Model 1: Integrating Data as a Core Class
Foundations of Data Journalism
This is a model for a required introductory course at the graduate or undergraduate level. What follows is a narrative account of how such a class may proceed in developing data literacy among beginning journalists. We realize that this course may need to fit the unique contours of different journalism programs, some of which contain boot camps and other introductory programs with idiosyncratic durations and varying levels of intensity and focus on different skills. The point is for this course to be given equal footing with other skills or subject matters that are currently treated as essential in a journalism education.
course description: This course is an introduction to the collection, analysis, presentation, and critique of structured information by journalists. As students are introduced to the basics of reporting and the range of journalistic methods that they may pursue in later coursework, an introduction to data and computation is an essential component of their journalism education.

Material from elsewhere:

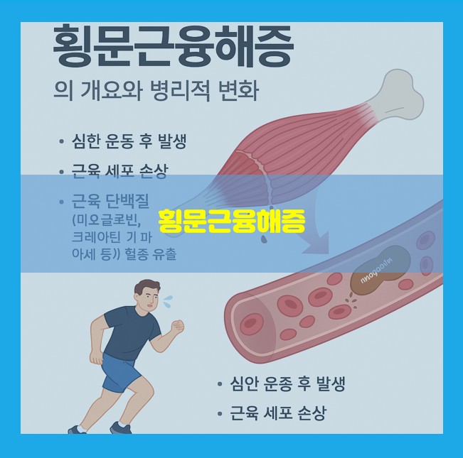횡문근융해증(Rhabdomyolysis) 질환 개요정의: 골격근이 손상되며 근세포 내 단백질(미오글로빈, 크레아틴 키나아제 등)이 혈액으로 유출되는 질환.주요 원인: 과도한 고강도 운동, 탈수, 충분하지 않은 회복 등이 근육 손상을 유발.주요 원인고강도 운동: 웨이트 트레이닝, 크로스핏, 마라톤 등무리한 근력 운동: 준비 없이 과도한 중량 사용회복 부족: 휴식 없이 반복 운동탈수: 수분 섭취 부족 시 위험 증가지속적 근육 수축: 장시간 강도 높은 운동극한 환경: 무더위·한랭 속 운동전해질 불균형: 칼륨, 나트륨, 칼슘 부족주요 증상근육 관련심한 근육통 (전신적)근육 경직, 부종근력 저하근육 경련소변·신장 관련콜라색 소변 (미오글로빈 배출)소변량 감소급성 신부전 가능성전신 증상피로감, 무기력메스꺼움, 구토..

Over the course of a term, students should begin to develop a frame of mind in which they approach every story looking for data possibilities. They should understand how to use basic methods using spreadsheets and relational databases. They should get a primer on using and understanding statistical concepts. They should learn how to take their data findings and locate the people who illustrate those findings for their stories. They will learn how to convert their data analysis into a pitch for a journalistic story.
Students will learn how to find data online, how to maintain personal records as they report stories, and how to use simple visualization methods to find new information: how keeping a timeline can help reveal discrepancies and how cross-checking sources of information may lead to new avenues of inquiry. The use of data in these contexts will benefit students no matter which area of journalism they choose to practice. Just like interviewing, which is a ubiquitous journalistic skill, the art of gathering and understanding data should extend widely across the field of journalism.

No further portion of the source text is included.